Why should you only change state in Vuex through mutations?
It’s a common question I’ve seen around and one that I’ve wondered about myself at times. When using Vuex, why is it said that state should only be changed via mutations? Is it really that big a deal? Can’t I just change it directly? It sure seems to work just fine that way.
Well, yes. And no. And maybe. While it’s possible in Vuex to change the state all willy nilly outside of mutations, it can also fail badly when you least expect it.
The idea of the Flux style of data stores (like Vuex) is that data has a certain path that it flows through. First, it hits an action, then is passed to a mutation and only then is updated in the store. This is done to make debugging and use of the data store easier and not crazy making. If all the components just threw data into the state
willy nilly, then all kinds of chaos could break loose. JavaScript is an asynchronous language and two different parts of the program could be trying to change the same thing at the same time. Reading data? That’s fine. Writing it? You’ve got an issue on your hands.

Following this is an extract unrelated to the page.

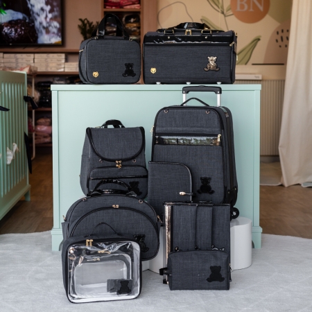 Mala de Rodinhas de Bordo, Bolsa Golden, Mochila Malu dois em um, Trio de Saquinhos Organizadores, Pasta Troca, Necessaire Media.
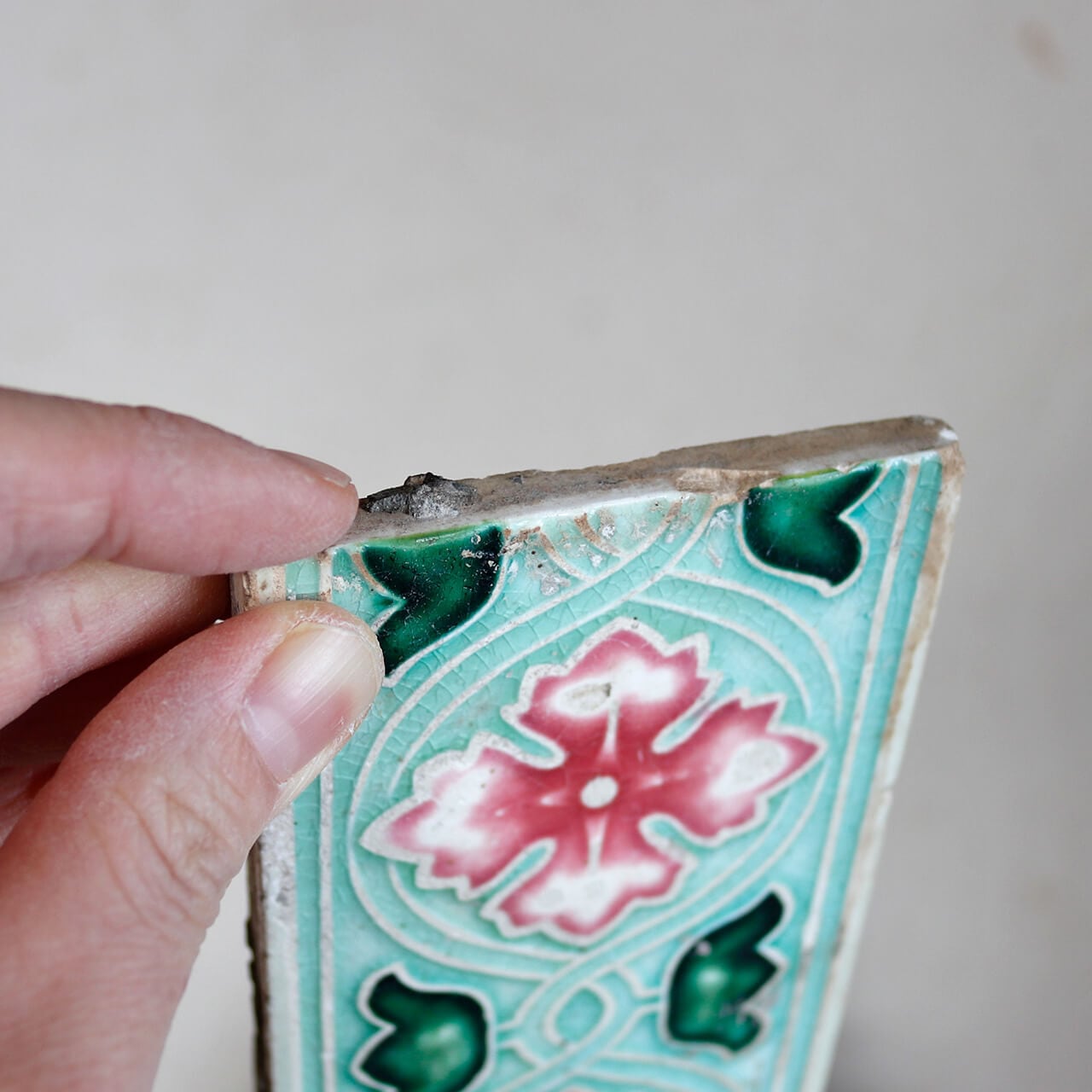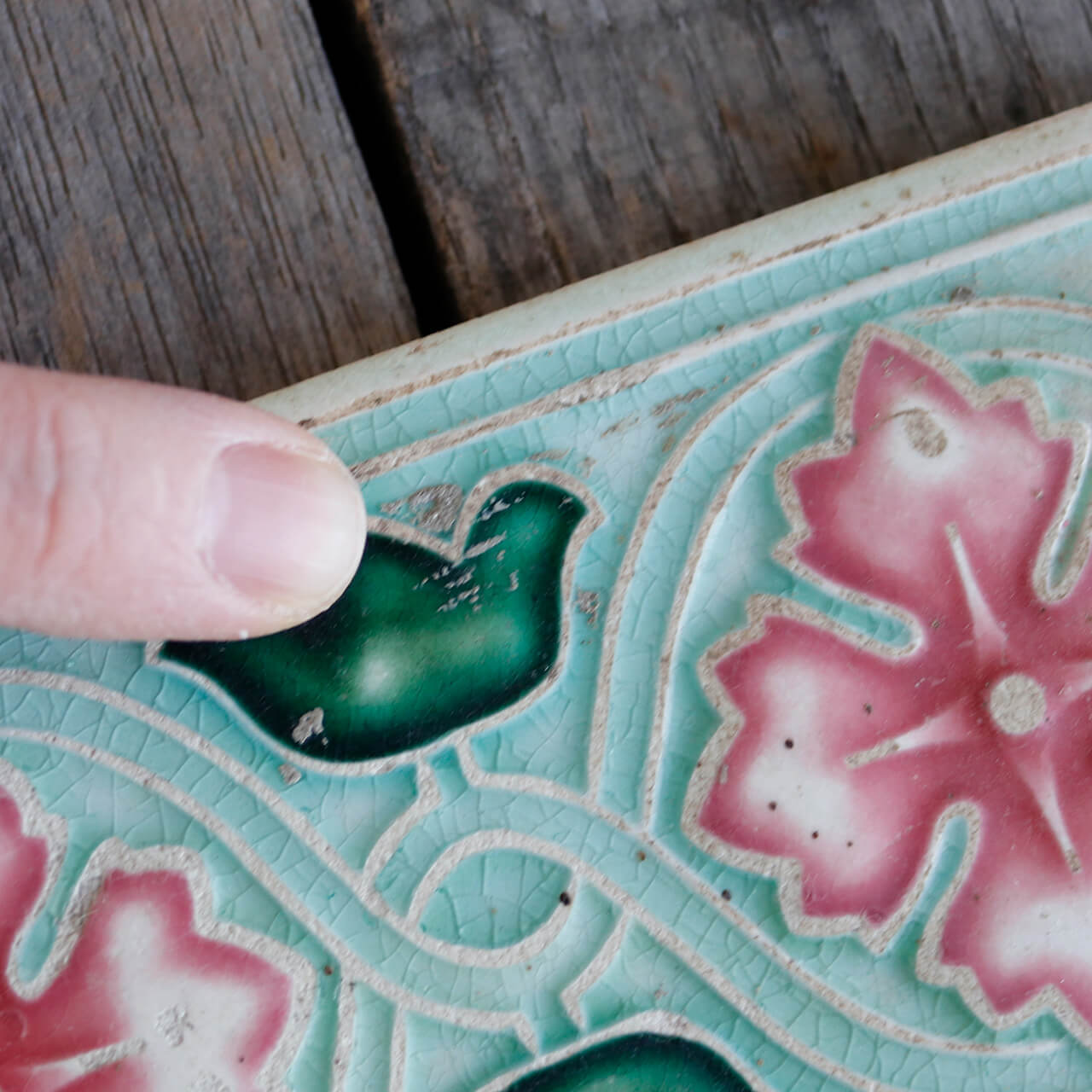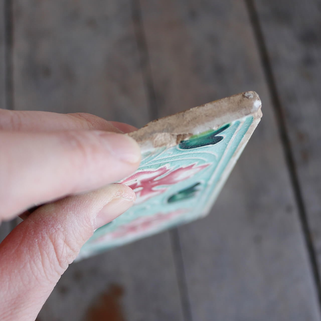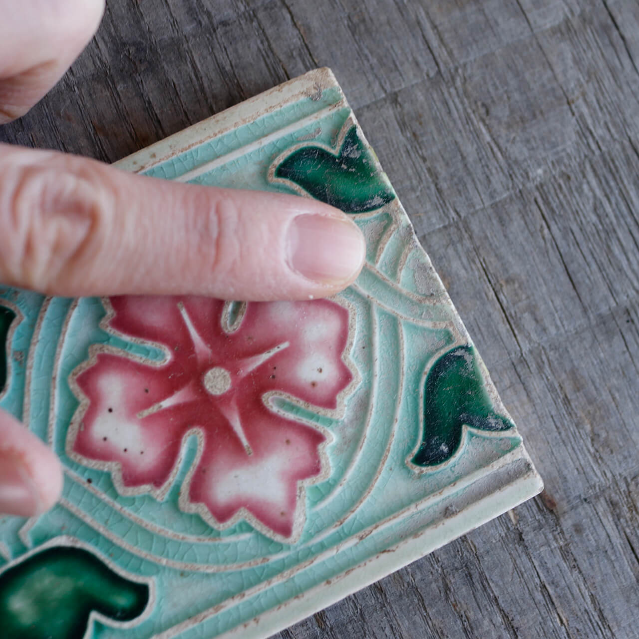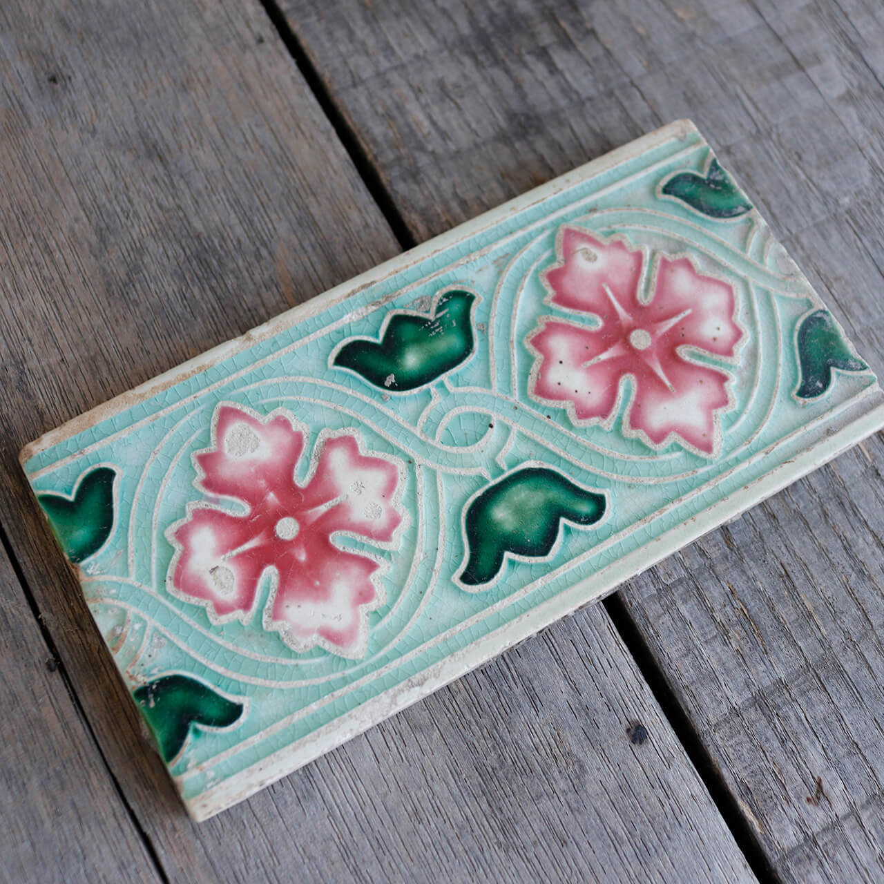 インドのアンティークショップで発見された大正末期から昭和初期に日本で作られたマジョリカタイル。

At least in theory. I’ve written a number of components to try and break this and I haven’t been able to get it to happen. This is mainly because JavaScript is theoretically an asynchronous language. In reality, most of your code will run synchronously and JavaScript will wait for a function to finish before running the next one. So even if two functions get triggered at the same time (like through a timeout or shared event), one will always run first, followed by the other.
This means that mutations aren’t really a consistency feature after all. So are they really still useful?
Yes, because it still gives you a simple structure to follow when writing your code, a structure that you will remember the next time you need to maintain it. If you follow the convention of always changing state with a mutation, then you will always know in your application where the state is being changed.
Mutations are called by components and actions, but not like regular methods. They get “committed”. This just means that when a component wants to change data, the change gets added to a commit queue in the data store and it’s first come, first serve. Things aren’t happening at the same time because Vuex processes the changes in the order it receives them synchronously.
That makes debugging much easier. Seeing strange data where you don’t expect it? Open up the Vue Dev Tools and step through the data store changes one by one. Each change to the data store will be “committed” and you’ll be able to roll it back and see everything that led up to that point. This logging is the real reason you should only change the state with mutations.